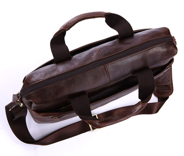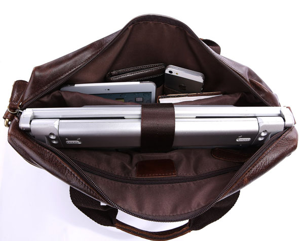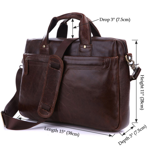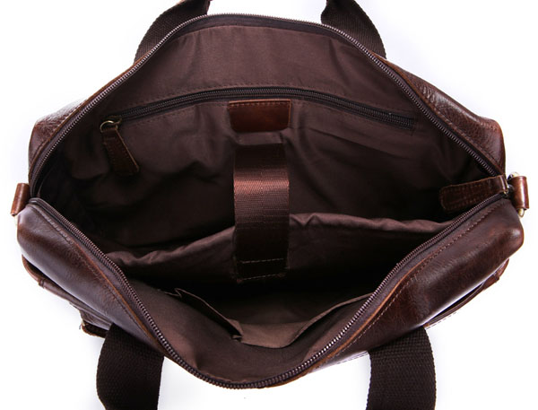 Kích thước vừa phải, đựng vừa laptop 13", sở hữu chất da bò thật, nâu sẫm, dày nhưng mềm, độ bền rất cao. Bên trong cặp gồm 2 ngăn lớn và 1 số ngăn nhỏ. Phù hợp với những người đi làm công sở, vừa có thể xách tay tạo phong cách lịch lãm hoặc đeo chéo năng động.
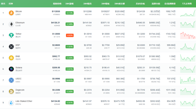 其他加密货币多数走高,币安币、狗狗币、Solana等均涨超2%。
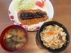 味噌カツと 炊き込みご飯と お味噌汁✨ 昨日豚ロース🐖 冷凍から解凍してたの 忘れてた😆 なので明日秋刀魚さん 頂きます🙌❤️ 今日は大安吉日✨🍀 先日お買い物で 購入した新しいお洋服と お靴で行ってきます🏃♀️ 昨日も凄く素敵な日で✨ 楽しかったので 今日も盛り上がると 良いなぁー✨
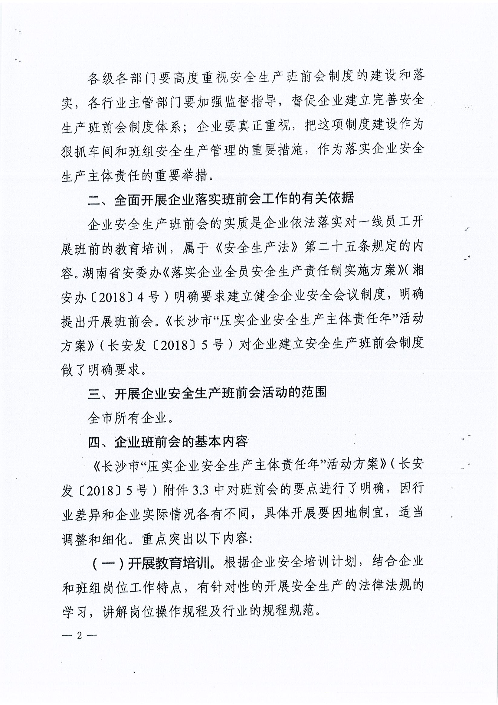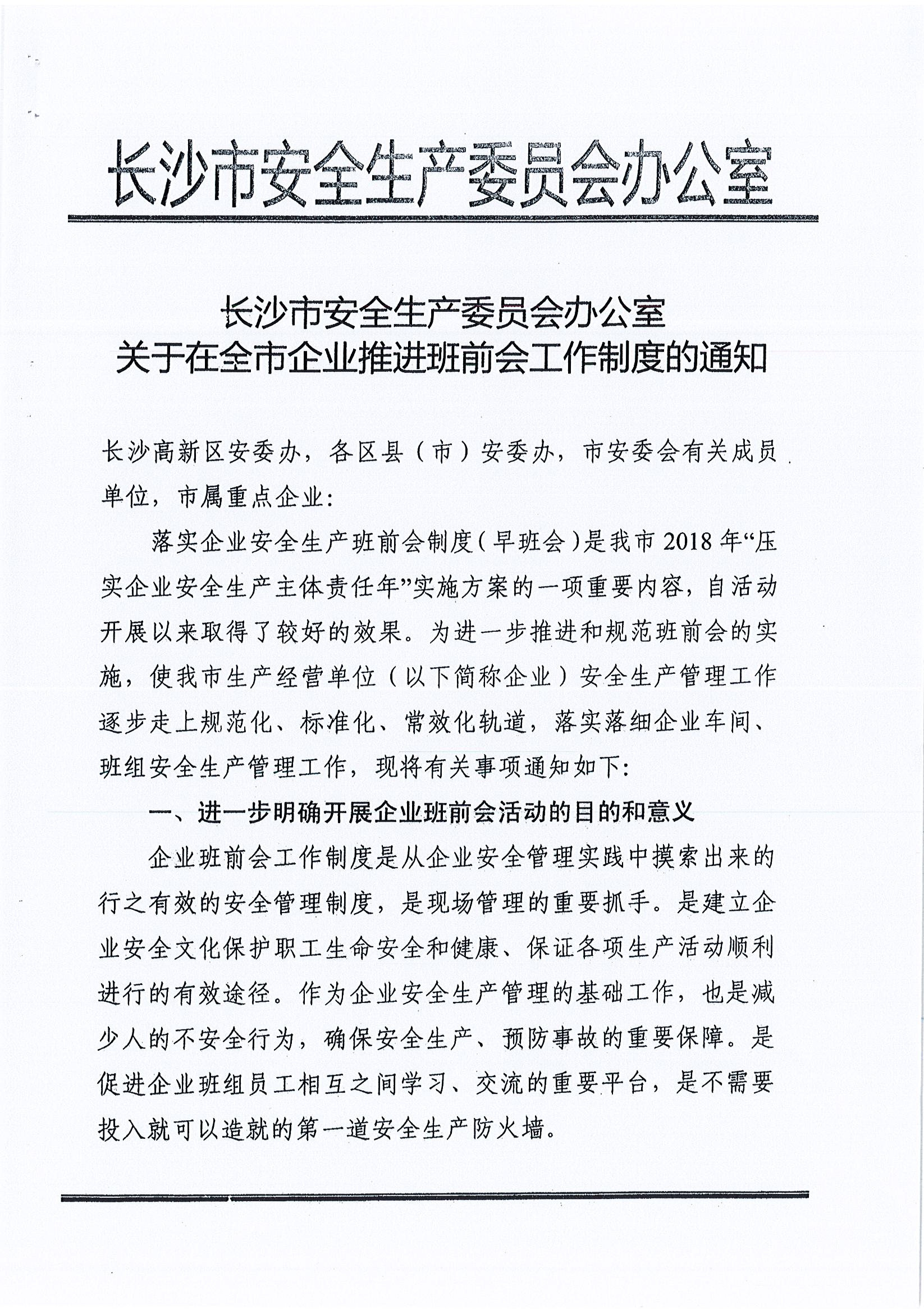 長沙市安全生產(chǎn)委員會辦公室關于在全市企業(yè)推進班前會工作制度的通知

**WHAT YOU SHOULD DO**
The required output is each line above restated verbatim, with all images omitted.

**EXERCISE RESPONSE**
 Kích thước vừa phải, đựng vừa laptop 13", sở hữu chất da bò thật, nâu sẫm, dày nhưng mềm, độ bền rất cao. Bên trong cặp gồm 2 ngăn lớn và 1 số ngăn nhỏ. Phù hợp với những người đi làm công sở, vừa có thể xách tay tạo phong cách lịch lãm hoặc đeo chéo năng động.
 其他加密货币多数走高,币安币、狗狗币、Solana等均涨超2%。
 味噌カツと 炊き込みご飯と お味噌汁✨ 昨日豚ロース🐖 冷凍から解凍してたの 忘れてた😆 なので明日秋刀魚さん 頂きます🙌❤️ 今日は大安吉日✨🍀 先日お買い物で 購入した新しいお洋服と お靴で行ってきます🏃♀️ 昨日も凄く素敵な日で✨ 楽しかったので 今日も盛り上がると 良いなぁー✨
 長沙市安全生產(chǎn)委員會辦公室關于在全市企業(yè)推進班前會工作制度的通知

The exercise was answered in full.